EXERCISE DIRECTIONS -
Nothing but the pictures should be left out when the entries below are duplicated.

##### RECORDS PROVIDED

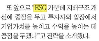 위 기사는 지배구조 관련 내용으로 보입니다. ESG는 기존 기업의 사회적 기여, 지배구조 개선 및 환경 보호 등을 모두 연계하여 회사의 지속가능성 크기로 판단하게 되었고 2020년초 세계 최대 펀드 회사인 블랙록의 래리 핑크 회장이 ESG에 부합하지 않는 회사는 투자를 회수하거나 신규 투자를 하지 않겠다는 선언을 하면서 하나의 글로벌 트렌드가 되었습니다.
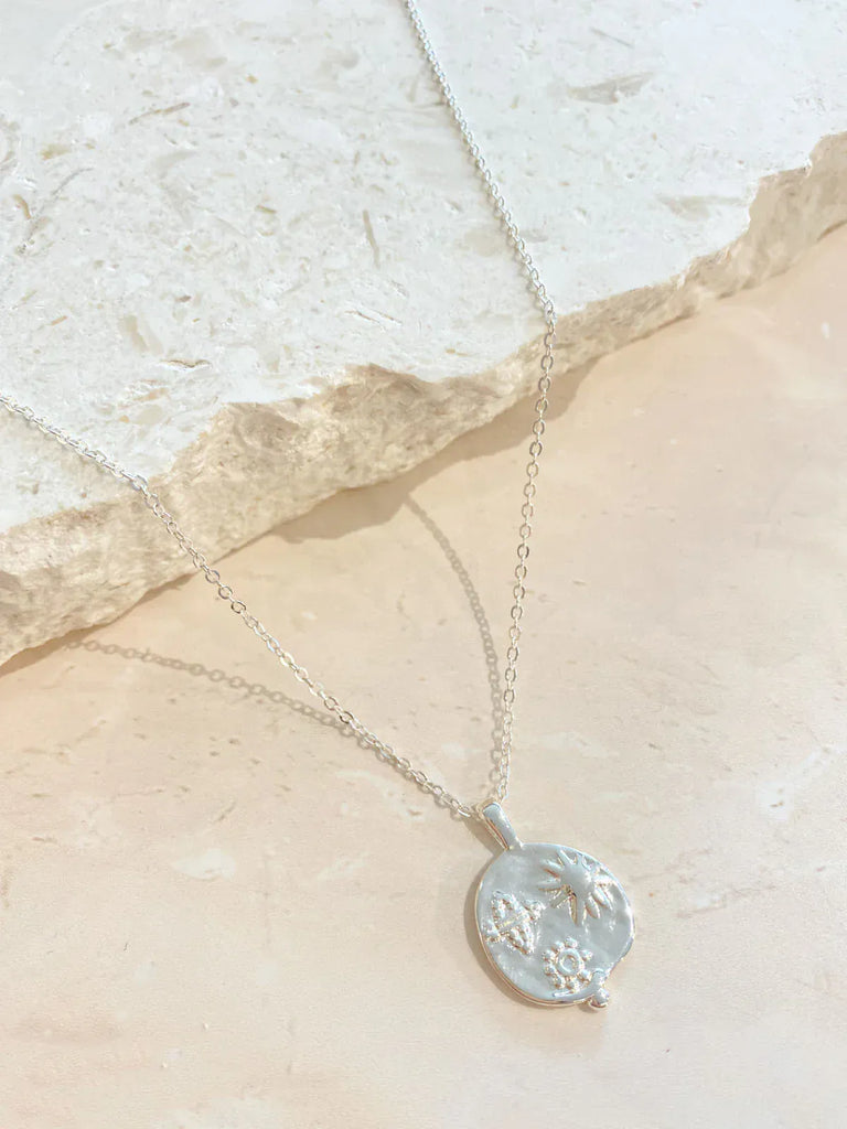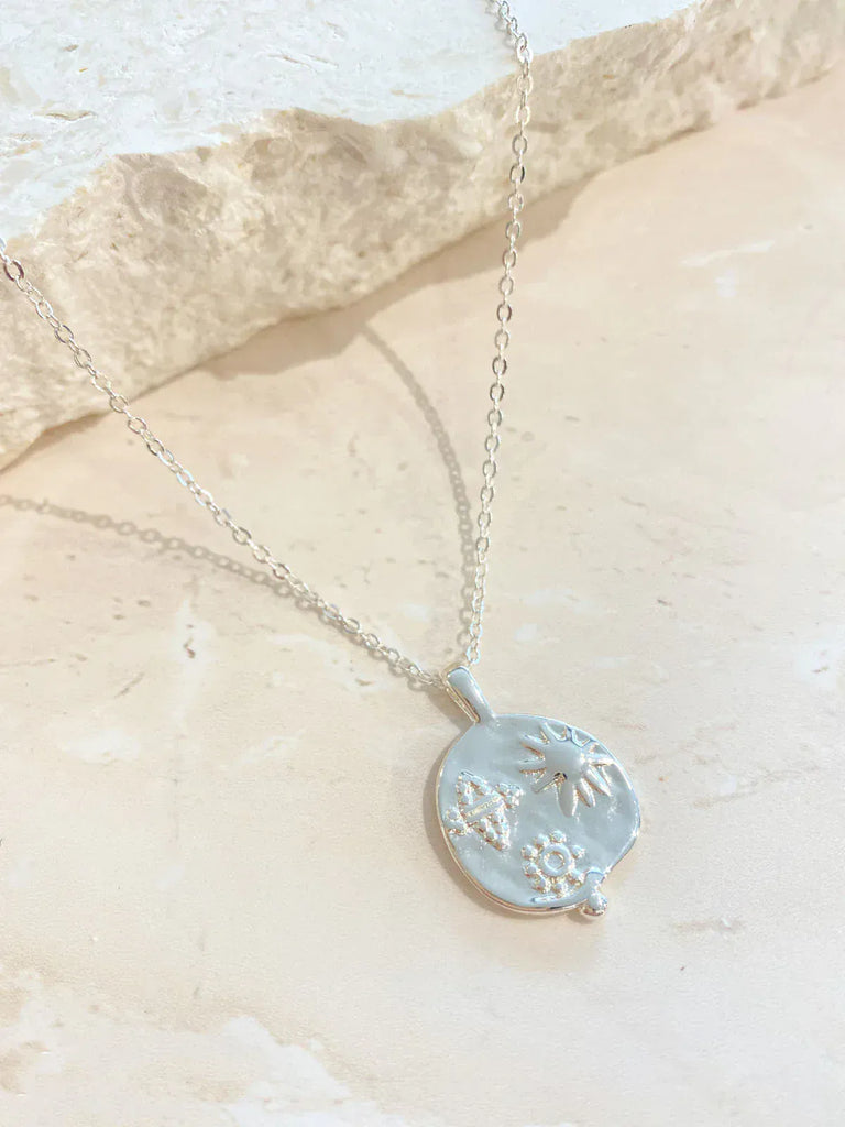 Thick silver plated round coin pendant on a refined 47cm chain.
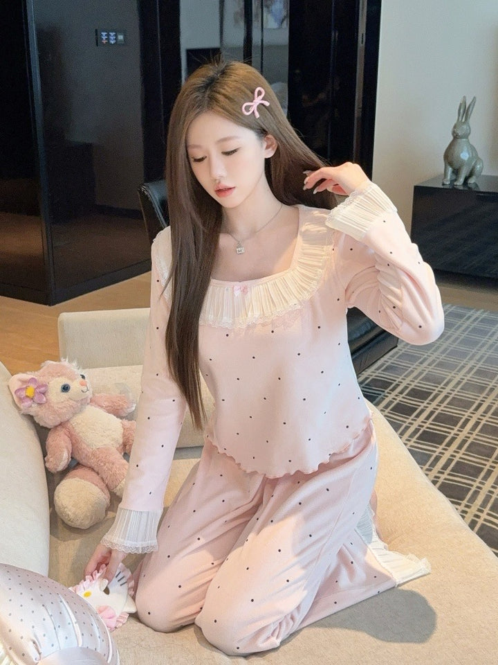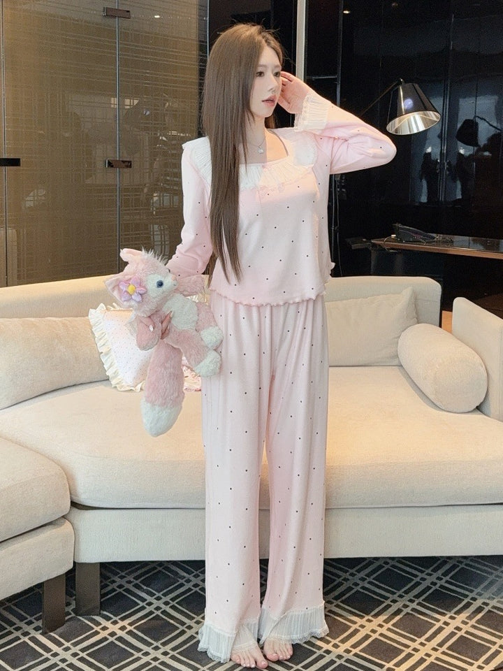 بجامة قطيفة ناعمة باللون الوردي الفاتح بنقش منقط وكشكشة أنيقة عند الرقبة
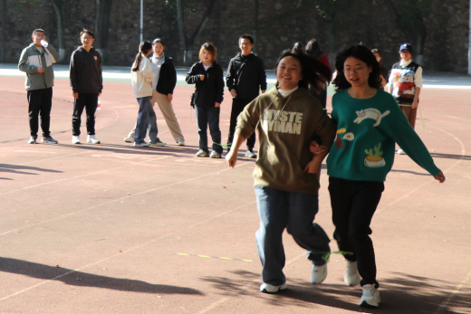 最后一个环节是“两人三足”。根据到达场地的先后顺序,各个小组确定了比赛的对手和队员站位。游戏中,成员之间配合默契,在欢笑声中结束了本次破冰活动。
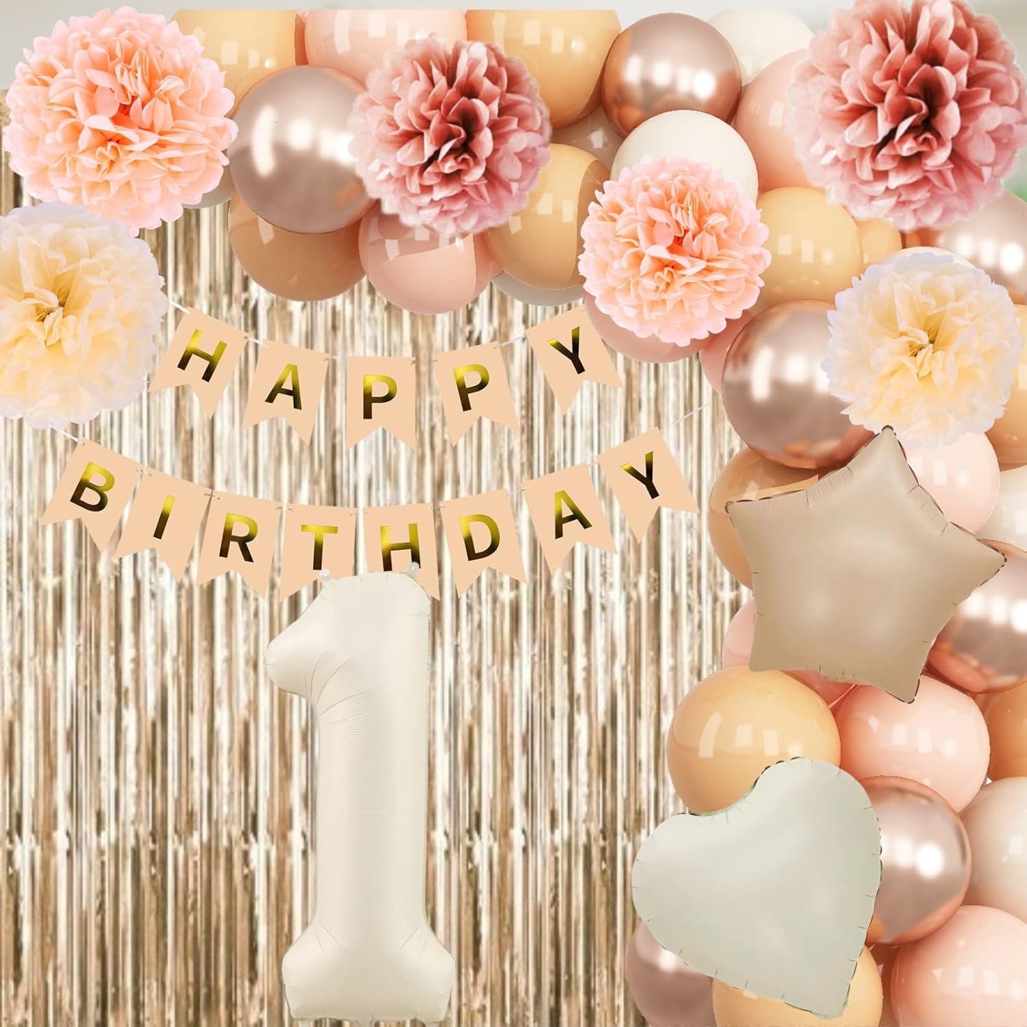 • PACKAGE INCLUDES: 1pc beige 1 number balloon, 1pc happy birthday banner, 2pcs dusty pink paper pom poms, 2pcs blush paper pom poms, 2pcs nude paper pom poms, 1pc champagne gold fringe curtain, 1pc caramel star foil balloons, 1pc cream heart foil balloons, 8pcs nude balloons, 6pcs blush balloons, 8pcs beige balloons, 4pcs champagne gold balloons, 1pc ribbon

##########

RESULT OF THIS TASK -
 위 기사는 지배구조 관련 내용으로 보입니다. ESG는 기존 기업의 사회적 기여, 지배구조 개선 및 환경 보호 등을 모두 연계하여 회사의 지속가능성 크기로 판단하게 되었고 2020년초 세계 최대 펀드 회사인 블랙록의 래리 핑크 회장이 ESG에 부합하지 않는 회사는 투자를 회수하거나 신규 투자를 하지 않겠다는 선언을 하면서 하나의 글로벌 트렌드가 되었습니다.
 Thick silver plated round coin pendant on a refined 47cm chain.
 بجامة قطيفة ناعمة باللون الوردي الفاتح بنقش منقط وكشكشة أنيقة عند الرقبة
 最后一个环节是“两人三足”。根据到达场地的先后顺序,各个小组确定了比赛的对手和队员站位。游戏中,成员之间配合默契,在欢笑声中结束了本次破冰活动。
 • PACKAGE INCLUDES: 1pc beige 1 number balloon, 1pc happy birthday banner, 2pcs dusty pink paper pom poms, 2pcs blush paper pom poms, 2pcs nude paper pom poms, 1pc champagne gold fringe curtain, 1pc caramel star foil balloons, 1pc cream heart foil balloons, 8pcs nude balloons, 6pcs blush balloons, 8pcs beige balloons, 4pcs champagne gold balloons, 1pc ribbon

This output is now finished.